# Texas Opener



## Bucksnort (Jun 29, 2004)

Video of our weekend hunt
http://www.youtube.com/user/TXBucksnort


----------



## The Last Mango (Jan 31, 2010)

Enjoyed the video, nice 10pt., little young though!


----------



## Bucksnort (Jun 29, 2004)

The Last Mango said:


> Enjoyed the video, nice 10pt., little young though!


Thanks for the comment. ROFLMAO, Yeah 5.5 is a little young for me too!


----------



## Rack Ranch (May 25, 2004)

Man, that a nice P&Y for ol' McBuck... great video as always...


----------



## RogerB (Oct 11, 2005)

good stuff Danny.


----------



## Trouthunter (Dec 18, 1998)

Sweet. Why no shots of the pigs getting dusted?

TH


----------



## Bucksnort (Jun 29, 2004)

Trouthunter said:


> Sweet. Why no shots of the pigs getting dusted?
> 
> TH


Because I shot the pig at 40yds free hand with the tc 44 mag in it, a flashlight in the other and trying to see the cross hairs in pitch black darkness. I had just got out of my blind, loaded up and was walking to the jeep. Kinda hard to get the footage under such extreme conditions. Lucky for me the shot was dead on and the pig dropped in her tracks. I was'nt sitting in the stand with the kids when they popped theirs. Thats the troof!


----------



## marshhunter (Mar 20, 2008)

"the player is no more" :cheers:

awesome shootin mcbuck

hey bucksnort you ever find your quiver and arrows??

great video as always


----------



## Bucksnort (Jun 29, 2004)

marshhunter said:


> "the player is no more" :cheers:
> 
> awesome shootin mcbuck
> 
> ...


LOL, yeah I found them. Right were I turn to go to my blind.


----------



## Trouthunter (Dec 18, 1998)

Tsk, you miss a rabbit at 15 feet 7 times with a two hand hold and a .45 ACP and you can shoot two hogs in the dark while holding a flashlight with one hand and shooting a single shot .44 magnum with the other?

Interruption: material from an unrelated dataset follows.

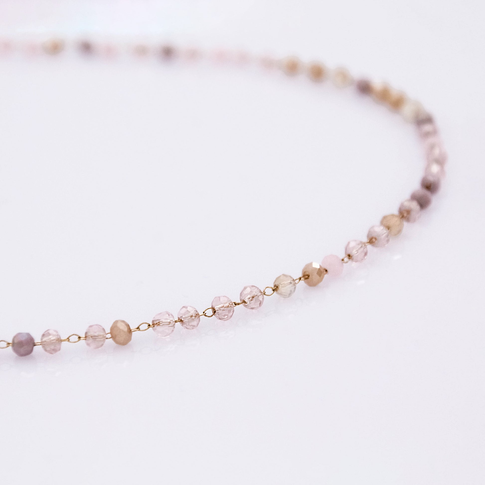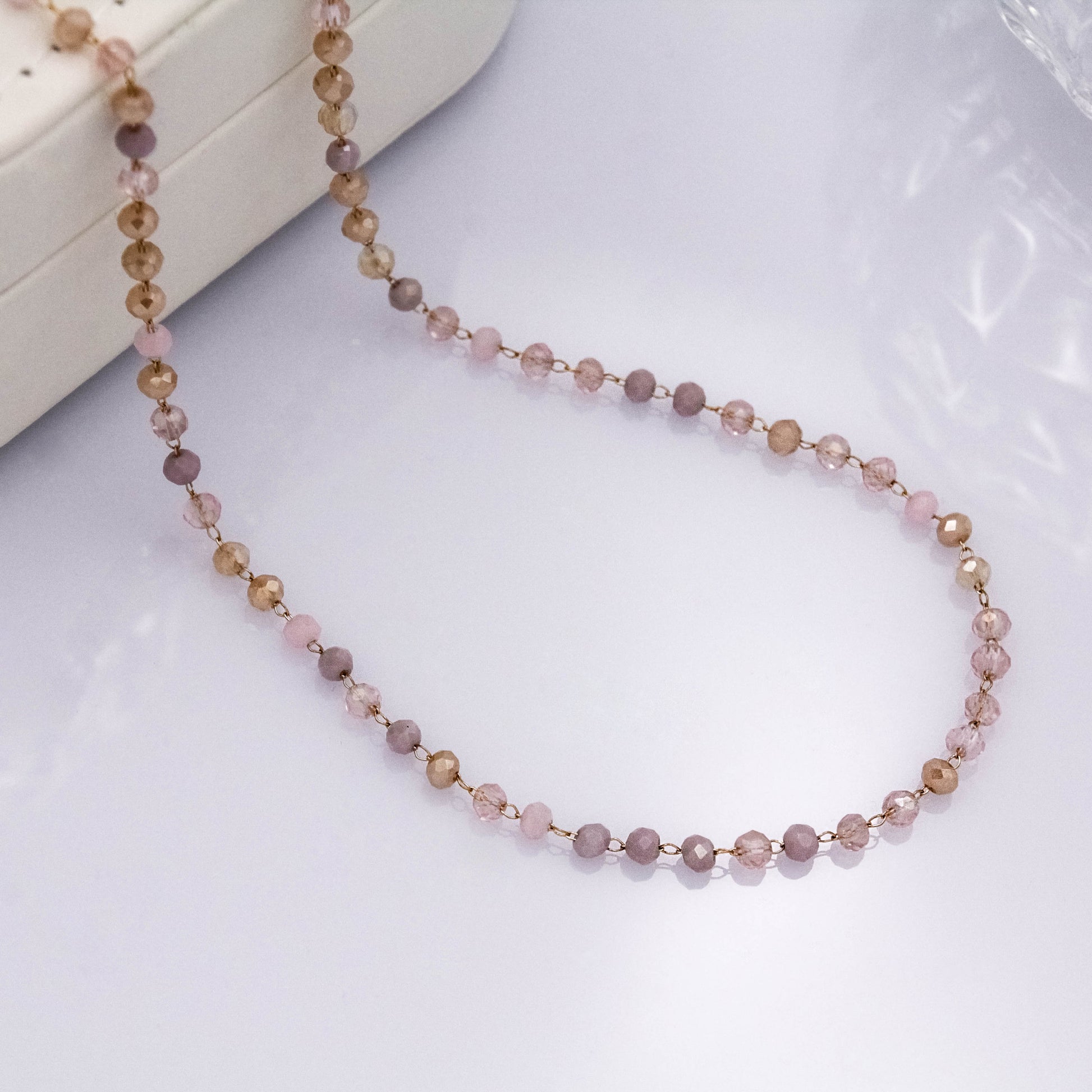 Arany színű nyaklánc lila/rózsaszín gyöngyökkel.
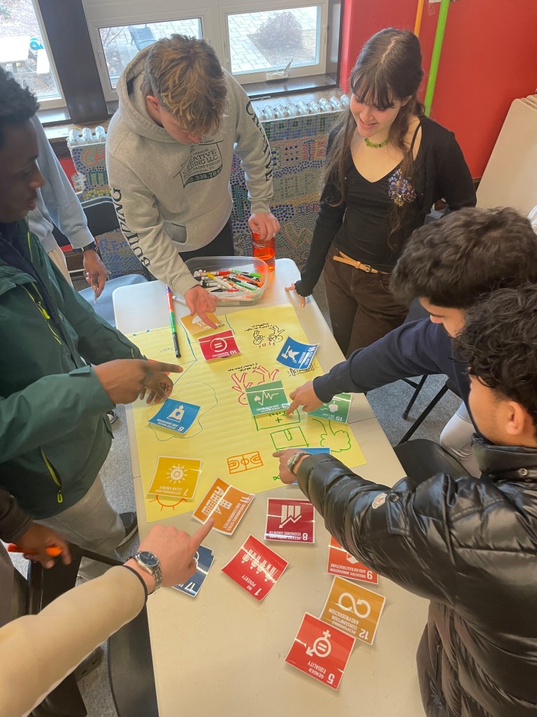 With the help of Emily Schaller, a colleague from Shelburne Farms, students overlayed the 17 U.N. SDGs over their illustrated cities.

Okay I understand why there was no video. 



TH


----------



## five.0 fisher (Jan 9, 2005)

Nice. I didnt get one either. I could have taken a doe but she had some fawns with her that must have been December bred and I figured might still be nursing so I let her walk. That strong swirling north wind got me busted by a good buck Monday morning. Oh well, I will get one next trip I hope.


----------



## OrangeS30 (Jun 21, 2009)

Nice vid


----------



## Bucksnort (Jun 29, 2004)

Trouthunter said:


> Tsk, you miss a rabbit at 15 feet 7 times with a two hand hold and a .45 ACP and you can shoot two hogs in the dark while holding a flashlight with one hand and shooting a single shot .44 magnum with the other?
> 
> Okay I understand why there was no video.
> 
> ...


LOL, one pig. Trout it was with a Thompson Center Contender. That is a one shot deal. You fubar it it is over.:slimer:


----------



## Trouthunter (Dec 18, 1998)

TH


----------



## big john o (Aug 12, 2005)

cool video.


----------



## huntr4life (Apr 30, 2007)

Great video!!!


----------



## TXPalerider (May 21, 2004)

Good stuff Snort. Hopefully I'll get a chance to get my video up soon.


----------



## catchysumfishy (Jul 19, 2008)

Once again another great Vid. ! Very nice 10 pt and i see y'all will not be lacking in Pork this year! Thanks for sharing and Glad you found your Quiver!


----------



## Bucksnort (Jun 29, 2004)

catchysumfishy said:


> Once again another great Vid. ! Very nice 10 pt and i see y'all will not be lacking in Pork this year! Thanks for sharing and Glad you found your Quiver!


No way that will happen. Thanks. Yeah that 10 was his first P&Y. We were all very happy for him.


----------